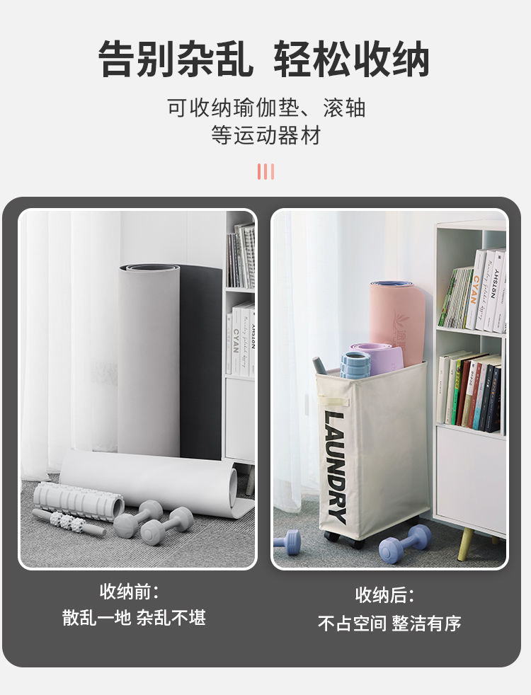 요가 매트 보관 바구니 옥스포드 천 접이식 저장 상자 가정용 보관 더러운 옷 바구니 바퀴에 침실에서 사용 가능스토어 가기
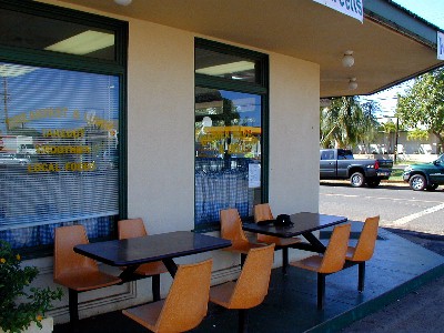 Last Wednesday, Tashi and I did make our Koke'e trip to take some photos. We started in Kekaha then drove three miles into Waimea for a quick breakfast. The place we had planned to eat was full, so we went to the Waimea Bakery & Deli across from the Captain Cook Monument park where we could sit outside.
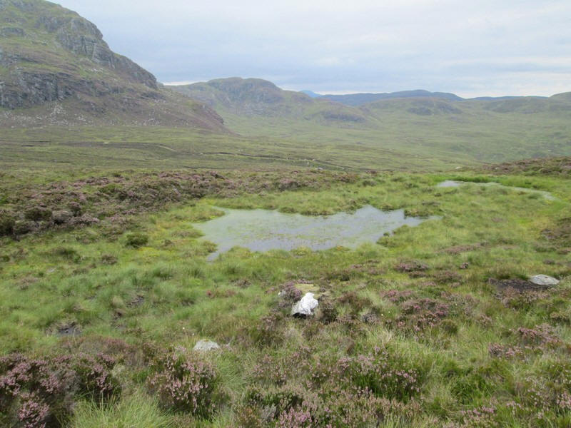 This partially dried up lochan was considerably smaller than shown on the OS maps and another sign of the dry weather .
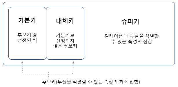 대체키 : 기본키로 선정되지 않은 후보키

□ □ □ □ □ □ □

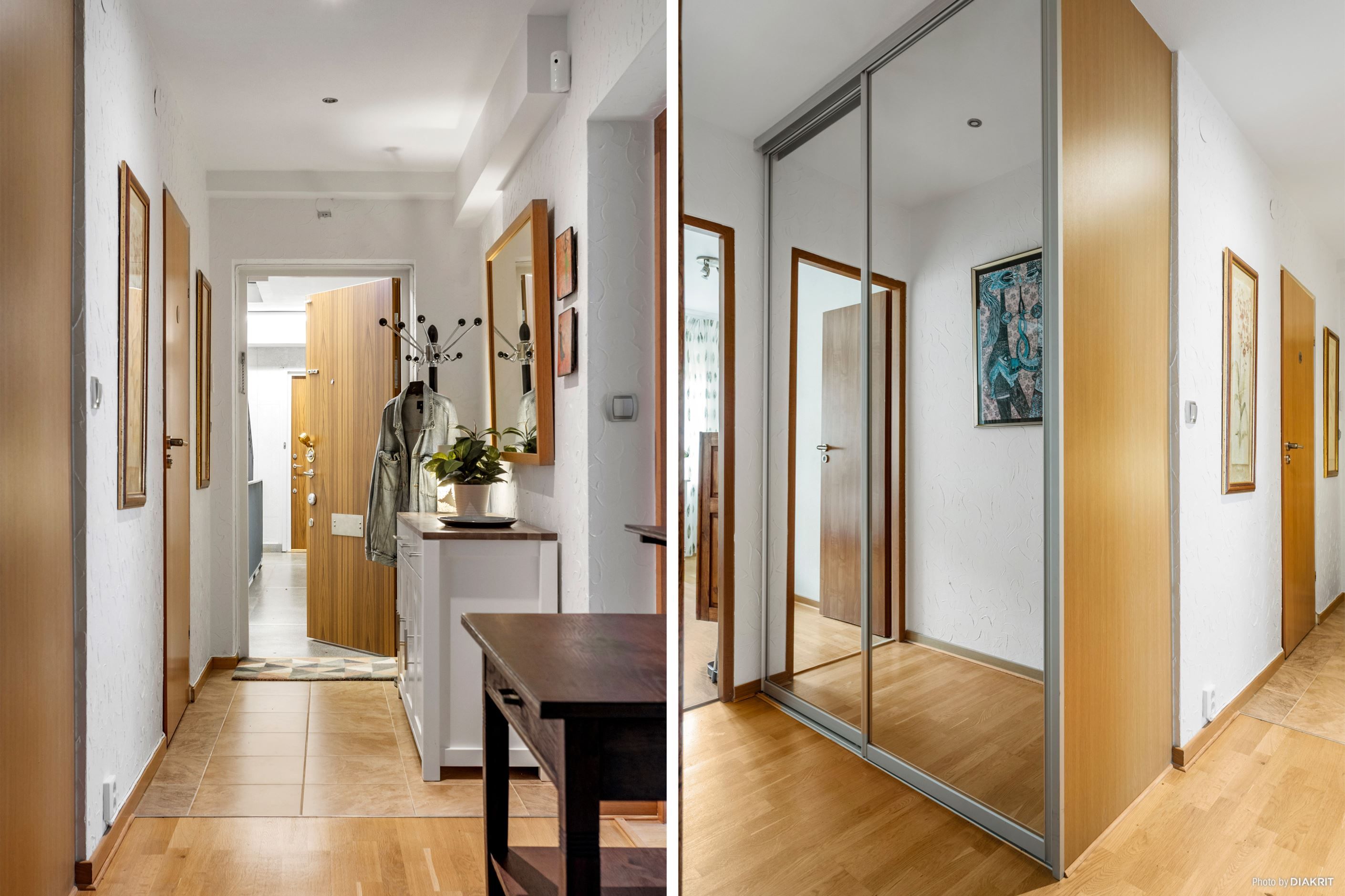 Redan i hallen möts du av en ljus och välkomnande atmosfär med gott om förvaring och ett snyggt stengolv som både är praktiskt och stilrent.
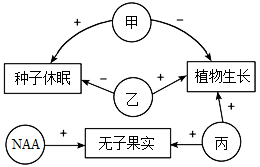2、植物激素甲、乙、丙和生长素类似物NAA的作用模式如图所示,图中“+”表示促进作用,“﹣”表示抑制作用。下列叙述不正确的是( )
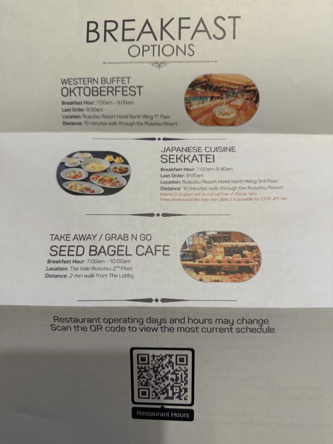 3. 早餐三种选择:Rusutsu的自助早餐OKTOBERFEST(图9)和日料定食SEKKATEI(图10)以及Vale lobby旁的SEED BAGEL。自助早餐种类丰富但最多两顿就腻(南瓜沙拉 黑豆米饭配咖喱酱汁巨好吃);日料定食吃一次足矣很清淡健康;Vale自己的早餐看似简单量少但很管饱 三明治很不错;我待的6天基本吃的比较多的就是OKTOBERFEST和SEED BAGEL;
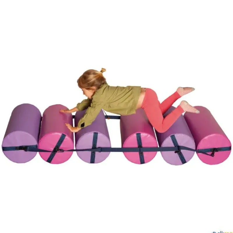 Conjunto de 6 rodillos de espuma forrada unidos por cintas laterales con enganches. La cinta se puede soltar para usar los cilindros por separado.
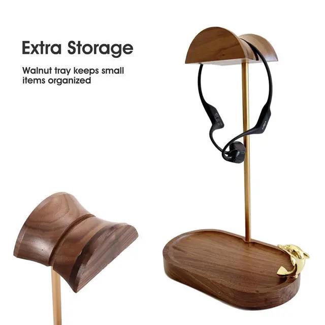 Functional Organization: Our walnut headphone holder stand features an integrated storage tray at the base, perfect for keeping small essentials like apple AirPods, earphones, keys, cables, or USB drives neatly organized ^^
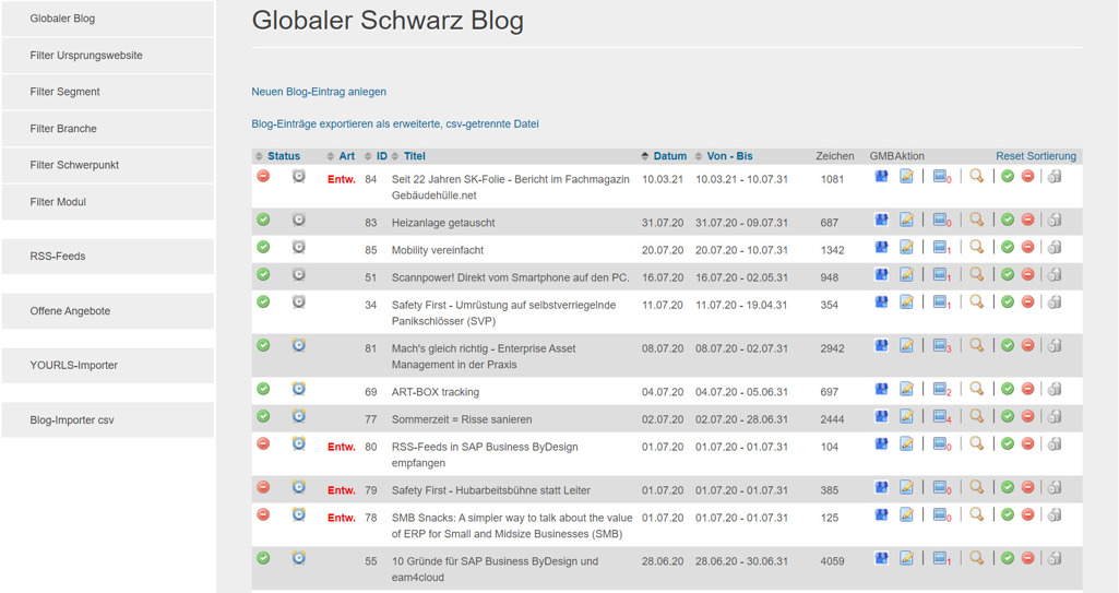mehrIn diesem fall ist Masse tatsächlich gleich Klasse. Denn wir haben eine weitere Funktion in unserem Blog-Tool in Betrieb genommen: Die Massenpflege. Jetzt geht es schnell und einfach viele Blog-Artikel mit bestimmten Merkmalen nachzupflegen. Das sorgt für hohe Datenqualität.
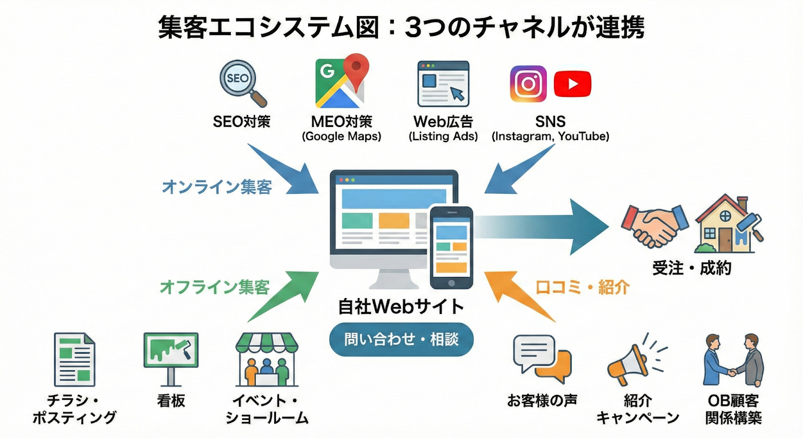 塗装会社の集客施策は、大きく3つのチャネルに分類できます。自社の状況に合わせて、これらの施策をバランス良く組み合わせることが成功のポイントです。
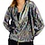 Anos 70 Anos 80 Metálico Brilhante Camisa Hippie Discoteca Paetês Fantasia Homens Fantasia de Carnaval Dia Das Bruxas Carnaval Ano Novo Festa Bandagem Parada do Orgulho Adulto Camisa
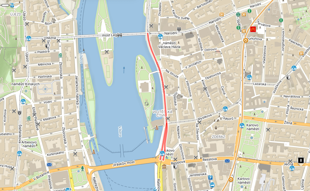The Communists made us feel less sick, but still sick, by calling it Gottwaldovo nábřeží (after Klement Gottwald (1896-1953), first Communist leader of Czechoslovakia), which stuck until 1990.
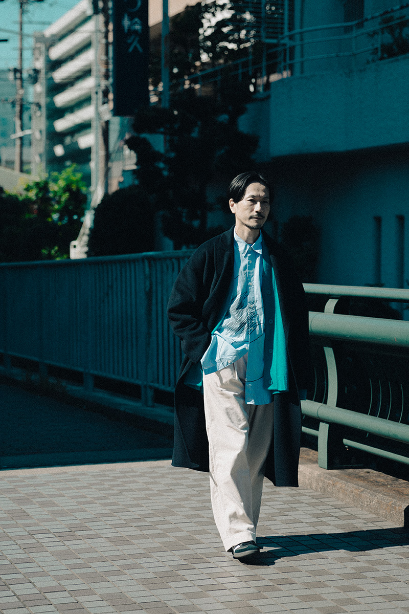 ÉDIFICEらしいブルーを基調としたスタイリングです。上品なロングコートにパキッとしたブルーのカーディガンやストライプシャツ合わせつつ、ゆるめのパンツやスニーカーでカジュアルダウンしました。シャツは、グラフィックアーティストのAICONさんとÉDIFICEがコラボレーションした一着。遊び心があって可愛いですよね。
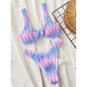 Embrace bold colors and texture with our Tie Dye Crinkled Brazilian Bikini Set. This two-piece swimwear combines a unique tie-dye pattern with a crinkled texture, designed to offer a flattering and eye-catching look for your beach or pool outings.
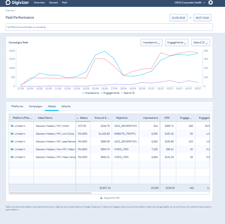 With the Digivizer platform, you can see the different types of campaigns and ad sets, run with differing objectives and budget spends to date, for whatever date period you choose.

□ □ □ □ □ □ □

▸ Exercise: Beginning with the line that contains "塗装会社の集客施策は、大きく" and ending with the line that contains "ÉDIFICEらしいブルーを", reproduce the listing exactly, pictures excluded.

▸ Answer section:
 塗装会社の集客施策は、大きく3つのチャネルに分類できます。自社の状況に合わせて、これらの施策をバランス良く組み合わせることが成功のポイントです。
 Anos 70 Anos 80 Metálico Brilhante Camisa Hippie Discoteca Paetês Fantasia Homens Fantasia de Carnaval Dia Das Bruxas Carnaval Ano Novo Festa Bandagem Parada do Orgulho Adulto Camisa
The Communists made us feel less sick, but still sick, by calling it Gottwaldovo nábřeží (after Klement Gottwald (1896-1953), first Communist leader of Czechoslovakia), which stuck until 1990.
 ÉDIFICEらしいブルーを基調としたスタイリングです。上品なロングコートにパキッとしたブルーのカーディガンやストライプシャツ合わせつつ、ゆるめのパンツやスニーカーでカジュアルダウンしました。シャツは、グラフィックアーティストのAICONさんとÉDIFICEがコラボレーションした一着。遊び心があって可愛いですよね。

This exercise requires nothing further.